Its usually strong third-party network business had been looking weaker this past year, even as the company as a whole returned to growth. But in Q3 2013, all of AOL's parts are finally keeping pace with each other.
The third-party network revenues, so essential to Armstrong's emphasis on "programmatic premium" under its AOL Networks group, surged 32% thanks largely to its $405 million acquisition of Adap.tv. Though even without the addition of the programmatic video platform, growth across all its advertising units was clear. Read the earnings release.
Among the highlights of AOL's Q3 display results:
Total revenue was up a decent 6%, with global ad dollars rising 14% year-over-year.
Third-party network revenues, which included the flagship Advertising.com, were up 32%, thanks to higher-CPM video ads.

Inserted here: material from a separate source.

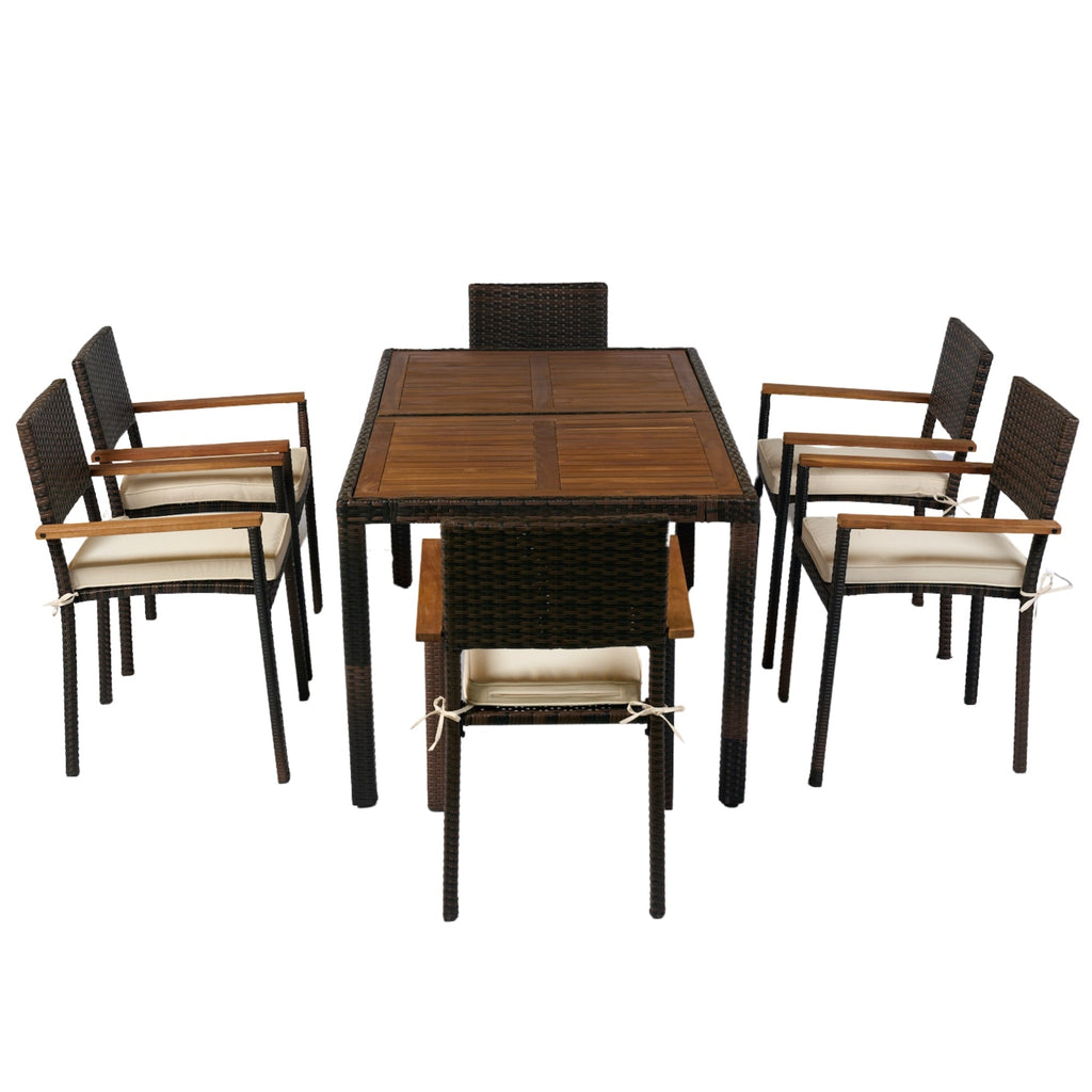 7 piece Outdoor Patio Wicker Dining Set Patio Wicker Furniture Dining Set w/Acacia Wood Top Brown Wicker + Cream Cushion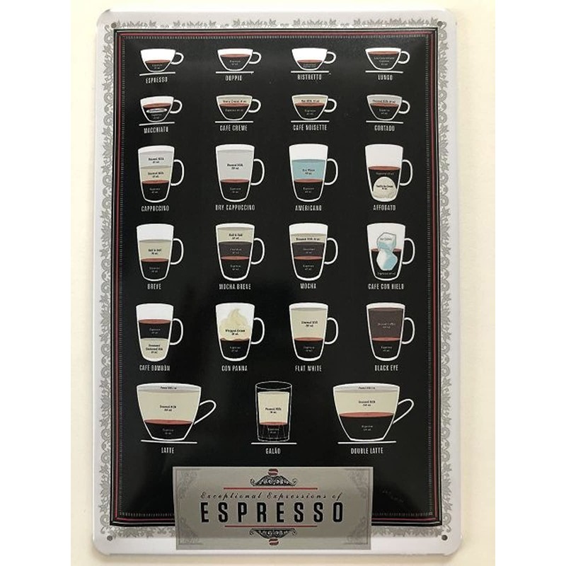Tin Sign 20 x 30 cm Curved Coffee Espresso Varieties Board Overview Decorative Gift Sign

Adap.tv's contribution amounted to $17.6 million, as the deal closed only on Sept. 5.
Not counting Adap.tv, the network revenues grew a more than respectable 17%, suggesting that without Adap.tv, AOL was holding steady, as third-party network revenues grew 18% in Q3 2012.
Higher prices pushed global display dollars up 5%.
Adap.tv grew about 100% on a pro forma basis, and was "slightly profitable" in the quarter, said CFO Karen Dykstra.
Search remains lackluster, but with 3% gains globally, at least it's not falling back.